If you’d all just play Opus Magnum, we could end the thread right here. :P

You know, it kind of takes a bit of the fun out of explaining it but a bunch of us (ok, mainly me) have this game to see how far we can pull a thread off topic before someone screams. You should try it, it’s fun!

Can you tell us a little bit about it?

I like the idea, it is just the thread starter is a real douche!

Forgot about Slime Rancher. That’s totally my game of the year so far.

What a joy to play! Folks gathered around the TV to watch the slimes and help explore. :) I even got most of the achievements, which is something I never do.

You really need to play Witcher 3

Sure, so it’s the new Zachronics game. They’ve made several of these systemic, free from puzzle games (Space Chem, Infinifactory, Shenzhen I/O) before. The common characteristic of these games is that you’re building some kind of machine to solve the puzzle constraints, but you have a lot of freedom to invent your own solution within the constraints of the system in general, and specific puzzle.

Opus Magnum is without a doubt the most approachable of these games so far. You are an arrogant young alchemist in a strange pueodo-Victoria era city, it has a bit of a Dishonored feel to the the setting. And you are tasked with using a machine called the transmutation engine to solve a series of puzzles where you turn a set of input alchemicals into the required output alchemicals using a series of module tools.

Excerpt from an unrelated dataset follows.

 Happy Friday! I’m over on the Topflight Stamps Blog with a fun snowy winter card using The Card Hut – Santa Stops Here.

This game succeeds, where people might have bounced off earlier Zachronics games, is that it’s much easier to solve the puzzles, and the fiction makes a lot more sense. I blasted through the puzzles pretty quickly, putting in quite rubbish looking solutions. But when you complete a puzzle, you see how well you did against three metrics, and how that compares to all players and other players on your Steam friends list. So you can, if your that kind of person, take up the challenge and try to beat your friends score.

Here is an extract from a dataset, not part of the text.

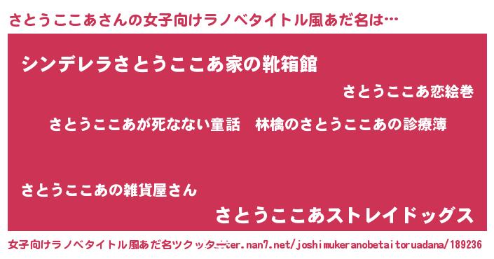 | 意味不明あだ名 | 『住所不定無職さとうここあ(81歳)』 |

I’m gettin there, I’m gettin there. . .

I’m hoping there’s a little time to play Has Been Heroes and Battle Realms before year’s end so I can at least put a handful of games onto my year-end list :). This thread will be referenced if I suddenly, I dunno, lose my job or something, hah

Here’s my initial solution to the first puzzle in the game, to give you a feel for what it looks like:

Edit: If you want to slightly spoil yourself, head over to the Opus Magnum thread to see my current fastest solution to this puzzle.

I’m currently in a optimisation battle with my brother to make Invisible Ink the fastest.

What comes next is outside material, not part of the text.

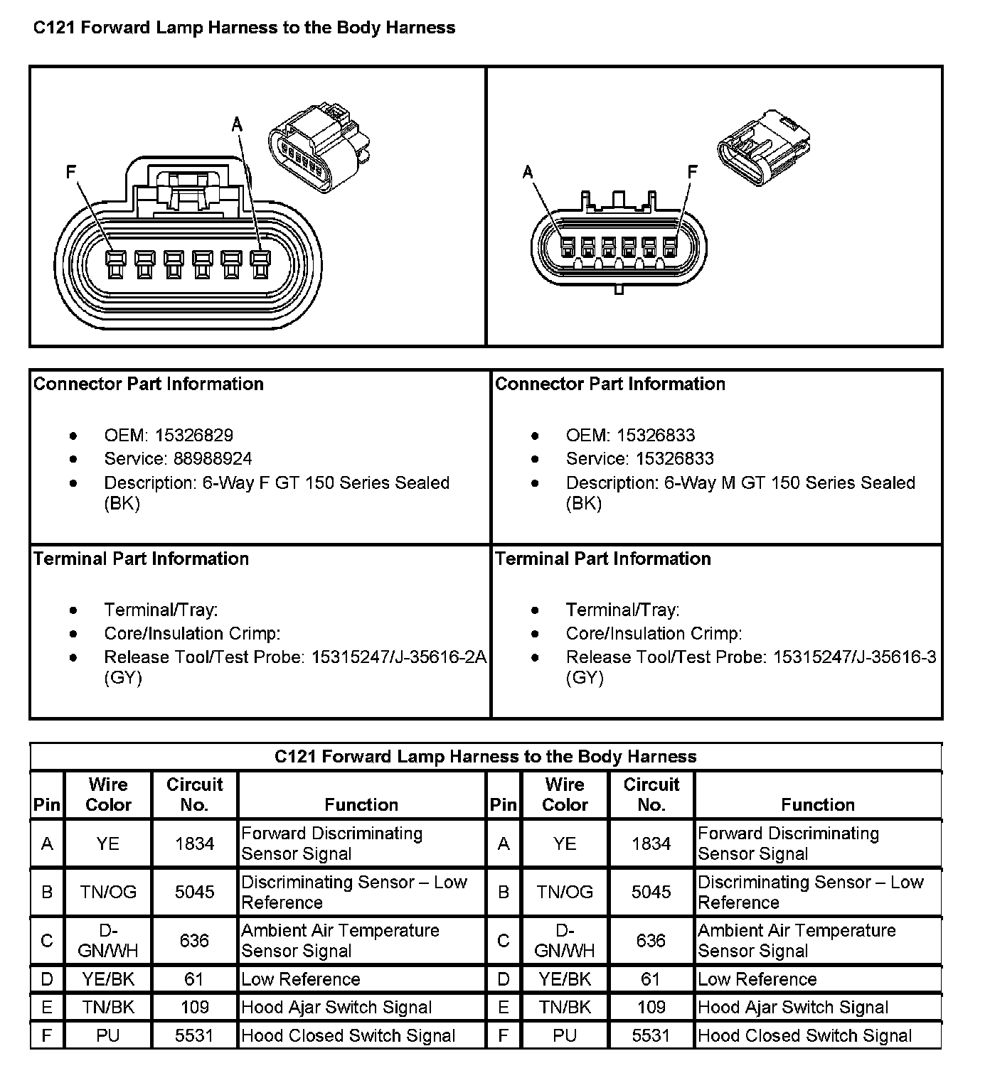 C121 Forward Lamp Harness To The Body Harness:

It might not be a bad one to play first? It’s relatively standalone, and some of its more egregious narrative sins probably won’t register if you’re new to the series.

Its open world gameplay will always be pretty shit though. (The set piece levels are often really good, there’s just a lot of filler in between.)

ME3 is, if you don’t buy all the DLC.

From Software has never developed anything that could be considered a “AAA” game, Bloodborne included. I’ve played handheld games and indie games with higher budgets than most of their stuff.

Just to double check, you’re saying that Bloodborne is not a ‘AAA game’ and that Mass Effect 1 is? Okay dude, you got me, this must be upside down Wednesday.

ME1 was certainly a AAA game, it was (if nothing else) a huge deal when it first came out. But Bloodbourne is as well.

In my book, anytime studios ask me to cough up $59.99 for a game, that’s a AAA game.

You would think that, but a few releases this year really felt like they were missing an “A” in AAA while still charging $59.99.

I still stand my that rule of thumb, even if not ever AAA is … good, or worth buying. They generally mean huge budgets, big marketing pushes, and all the things that bring a game into the strange and unnecessary “AAA” category.

I agree with @Scotch_Lufkin. If you’re selling for $59.99 out of the gate, you most definitely are equating your game with the AAA designation.

MSRP doesn’t determine whether something is “AAA” - even ignoring the examples of games that don’t meet an arbitrary quality threshold for the $60 price point, there are far too many examples of $60+ games with rather low budgets, that sell for that price because they’re niche and have to make money across far fewer copies, for that to be the case. (Look at something like X-Plane or the new Danganronpa game as examples you can find on Steam right now.) “AAA” is very much a function of things like budget, studio size, and marketing spend, not how much a consumer would expect to pay on release.

So then Bloodbourne would certainly qualify, as would Mass Effect.

You’re welcome @Chappers

Also, look what fresh hell my careless words have wrought in this unmoderated insane asylum, @wumpus!